Anatomy of a Smear

On June 11, Republicans sent a letter to Attorney General Eric Holder demanding he investigate alleged attempts to intimidate bloggers called SWAT-ing.
This post was published on the now-closed HuffPost Contributor platform. Contributors control their own work and posted freely to our site. If you need to flag this entry as abusive, send us an email.

On June 11, 85 Republican Congressmen sent a letter to Attorney General Eric Holder demanding he investigate alleged attempts to intimidate bloggers called SWAT-ing. This followed a similar letter sent to Holder on June 6 by Senator Saxby Chambliss (R-Ga.).

Those letters arose after a "blogblast" on May 25, an event in the blogosphere featuring between 150 and 200 Right Wing bloggers attacking a man named Brett Kimberlin, apparently because he's a thorn in their side. Leading the charge: Michelle Malkin and another blogger, Lee Stranahan.

By June 8, four reports of so-called "SWAT-ing" surfaced, one from Red State Editor Eric Erickson, two from right wing bloggers Pat Frey and Michael Stack -- and one from Kimberlin. Kimberlin is offering a $10,000 reward for information leading to a conviction for any such event -- not just his. SWAT-ing is a false 911 report made from telephones whose numbers were masked, usually by using VoIP lines. VOIP stands for Voice Over Internet Protocol.

Erickson himself says he doesn't suspect Kimberlin of making the calls -- in his piece on the event, he describes it and then says he'd been writing about Kimberlin, leaving the reader to her own imagination. The posting led to a report on CNN in which he positively says he doesn't think Kimberlin made the calls.
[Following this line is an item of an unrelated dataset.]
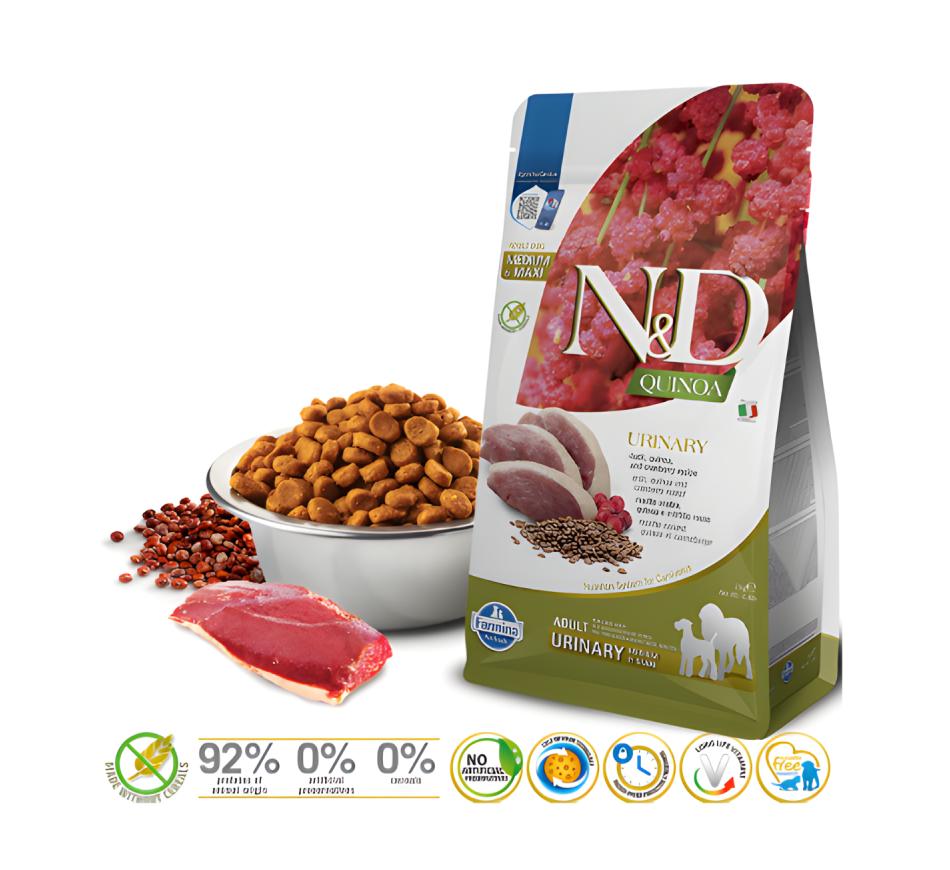 Farmina N&D Quinoa Urinary for Adult Dogs Medium & Maxi Duck Food is a complete dry food, carefully formulated to prevent the recurrence of struvite stones, ensuring your best friend stays healthy and happy.
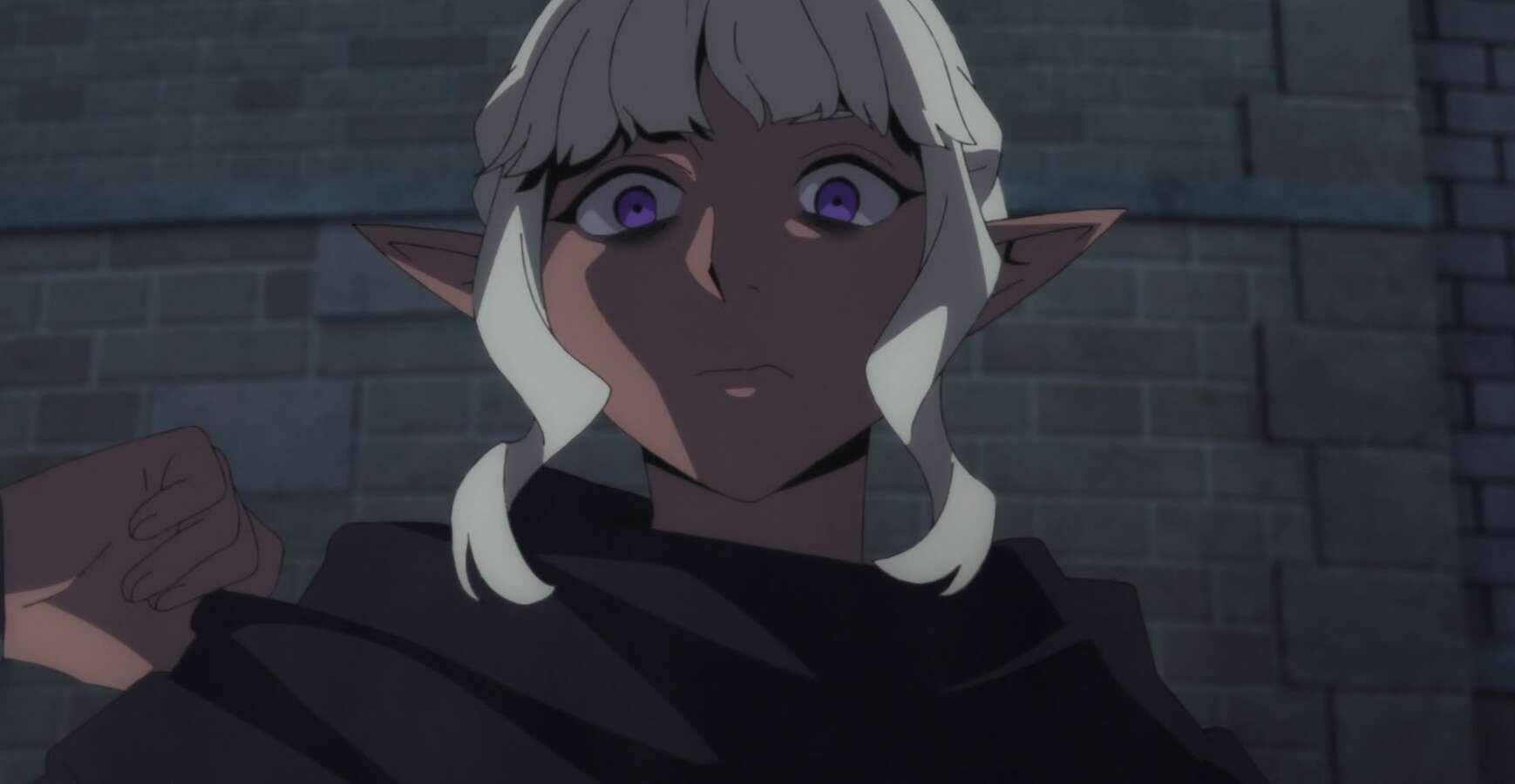 先週の回想の中でのファリンの意味深な言葉で変なフラグが立ったのかと思いましたが、ファリンは無事、蘇生されて精神や記憶も大丈夫そうです。このまま、地上に戻って大円団の流れかと思いましたが、最後に怪しいエルフが現れます。このエルフですが、褐色の肌と銀髪の姿で気付いた方もいると思いますが、第6話でライオスが絵画の中で遭遇したエルフと同一人物で、狂乱の魔術師でもあります。

But the blogs and their comments pages insist otherwise.

The original blogosphere charge: Kimberlin is a dangerous, left-wing terrorist threatening right-wing bloggers for exercising their First Amendment rights. Yet the only substantiated claim they made is that while exercising his own First Amendment rights, Kimberlin had been mean to them; the rest was all about events in 1978. One such blogger claimed he feared Kimberlin so much that he and his family had fled to an undisclosed location from which he bravely continued the fight.

All in all, quite a lot of smoke from the blogosphere. Yet on examination, the entire hoo-hah seems made of whole cloth -- from all appearances, merely a way to hang a false meme of "left-wing terrorist" on Democrats of every stripe and, possibly, attack President Obama.

Choosing Kimberlin, a Washington area progressive activist, was a smart move for his attackers; having served 17 years for the "Speedway Bombings" near Indianapolis in 1978, and for a big pot bust, he's made for the part. Almost every blog post about him includes his 34-year-old mug shot.

On the other hand, he's been charged with no crimes since his release, spending his time running two activist organizations called the Justice Through Music Project (JTMP) and The Velvet Revolution. He was the subject of a book that calls him a con man, and a 2007 Time magazine piece that says he's a complex case.

Some people would say Kimberlin's done a lot of good since he got out of prison. He's a lawyer now, and as the Time piece details, he played a significant role in raising serious questions about the reliability of electronic voting machines, including proving they were easily hacked.

Many of the voting irregularities in Florida during the highly-controversial Bush/Gore presidential election, for instance, were linked to such machines. Similar allegations have been raised about Sen. Chambliss' unexpected victory over then-Sen. Max Cleland, a controversial campaign in which Sen Chambliss questioned the patriotism of Sen. Cleland, who lost both legs and an arm in Vietnam. Sen Chambliss never served thanks to student deferments and bad knees from playing football.

From what I can piece together, Mr. Kimberlin got in the Right's crosshairs with his July 4, 2010 letter to Maryland's Attorney General, Douglas F. Gansler, urging he prosecute James O'Keefe, Hannah Giles, and Andrew Breitbart over O'Keefe's infamous video attacks on ACORN, a community organizing group that collapsed in their wake.

He likewise did nothing to endear the Right by attacking Karl Rove, or, in the company of Common Cause, urging Associate Supreme Court Justice Clarence Thomas be impeached for perjury. (Full disclosure: I worked with Kimberlin in that story.)

But in light of what followed the blogblast, Kimberlin seems to have been a mere stepping stone for the people behind it. On the heels of the June 11 Congressional letter demanding he investigate swatting, Attorney General Holder heard Sen. John Cornyn (R.-TX) join a Republican chorus demanding he resign over his handling of both the so-called "Fast and Furious" matter, and later charges of intelligence leaks from within the Obama administration.

With the two Congressional letters at its back, the Kimberlin affair, tiny as it is, is clearly something that can be magnified beyond recognition and thrown on the pile. So don't touch that dial.